Cooking: Jetboil MiniMo, GSI Java Press, TOAKS Long Spoon
The jet boil is a mini propane stove that packs into itself like a nesting doll. It boils water incredibly fast, and won’t go out in windy conditions. The GSI press is a French press with a cup inside, for coffee. The long spoon works great for long meal packets, to reach the bottom.

Pants: Prana stretch Zion
Above average pants. Light, flexible, and dry quickly. Very breathable. I’ve gotten soaked in the rain in these, and after 30mins of walking they were dry. Belt comes installed, and small buttons allow you to roll them up, and secure them.

Shirt: Patagonia Capilene long sleeve
Suited for a warm climate. Light and comfortable. Half zipper, in case it gets too hot. Breathable and packable.

Tip: Wear pants, Long sleeve shirts, and a Sunhat. Never underestimate how debilitating sunburn can be. Day after day of hiking in the sun is no joke for your skin.

Compass: Suunto
Wasn’t looking for anything fancy. For basic land navigation. For example, head straight east off the trail for half a mile, set up stealth camp. Next day, head directly west, get back on the trail, continue on.
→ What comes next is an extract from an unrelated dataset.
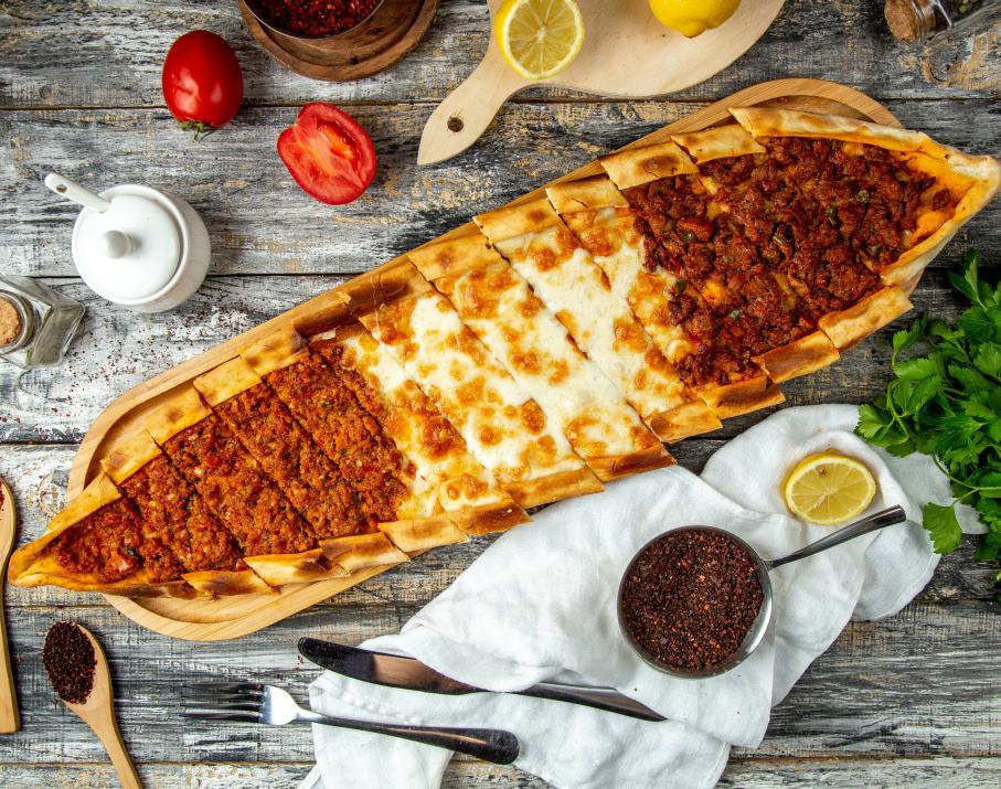 (Sucuklu, karamelize soğan, göbələk, lavaş...

Food: Mountain house meals are tasty, if a bit pricy. Other things I eat include: Oatmeal, grits, jerky, hard meats and cheeses, tortillas, olive oil(for extra calories), granola, energy bars, nuts, M&Ms, dried fruit, chocolate, crackers, dry soups, instant potato, candy, tea, coffee, coco, spice packets, powdered milk, and protein powder.

I am a few hundred calories short per day in the woods. Not starving, just slightly hungry throughout the day, until the evening, when I eat a big meal, and go to sleep. I usually come back a bit leaner, and that’s ok. Eat a big meal before going out and after you return. You won’t starve to death over a few days, I promise.
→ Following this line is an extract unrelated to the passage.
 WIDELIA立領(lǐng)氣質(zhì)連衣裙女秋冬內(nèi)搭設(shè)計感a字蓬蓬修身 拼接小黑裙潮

Media: Smartphone, Mp3 player, Headphones
Phone is for checking in with people, reading kindle, and taking photos. MP3 player is for lectures and music. For longer trips and heavy use, you can bring usb battery packs or small solar panels for charging at your camp. A good pair of in-ear headphones is good for the hammock, and they hardly take up any room.


Darn Tough Wool Socks and Wool Beanie for sleeping

RainLeaf Towel for drying dishes/gear before packing

Body Powder for odor. Not bathing for several days makes you smell and powder is the only thing that I’ve found works.

Insect repellent: I hate mosquitoes. Mosquitoes can ruin a trip quickly. Ticks are annoying. Keep them away. Ben’s 40% deet or something similar.

Sunscreen: Helpful for anything not covered by clothing.

Trash bags: For food wrappers and keeping items dry.

Moleskins for blisters, Baby wipes, Chap Stick, Gum.

That sums up all the gear I currently own. I do not hunt or fish my own food; I only filter the water from a water source. I wouldn’t recommend buying a lot of this stuff if you won’t use it frequently, as they are only small convinces for a lot of green. I fully intend to use every piece of gear until it evaporates at 1000 trips.

All the Best.


2 thoughts on “Camping/Backpacking Gear: Unpacked”

  1. Good set of gear! That back pack was crazy expensive for me though. Would you recommend that green long bag we got issued in basic training? I feel it would be uncomfortable, it it was overly loaded, but I could probably take precautions to make the straps more comfortable if I make shift some pads or straps for my chest and stomach.

    1. No, I would not recommend that green bag for anything other than storing items in your car. Those bags lack the most important features of a pack:
      -No solid stays in the pack to save your back and distribute the weight
      -No chest strap/waist strap.

      Yes, packs are expensive. Remember, a good pack is an investment, you buy once – cry once. Not something to skimp on, trust me I’ve tried that route, and ripped through all the cheap models. Year after year.

      Look around for yourself, but keep these in mind:
      -Aluminum back stays
      -Chest and Hip straps
      -Material(500-1000 Denier)

      Thanks for reading Mike, All the Best.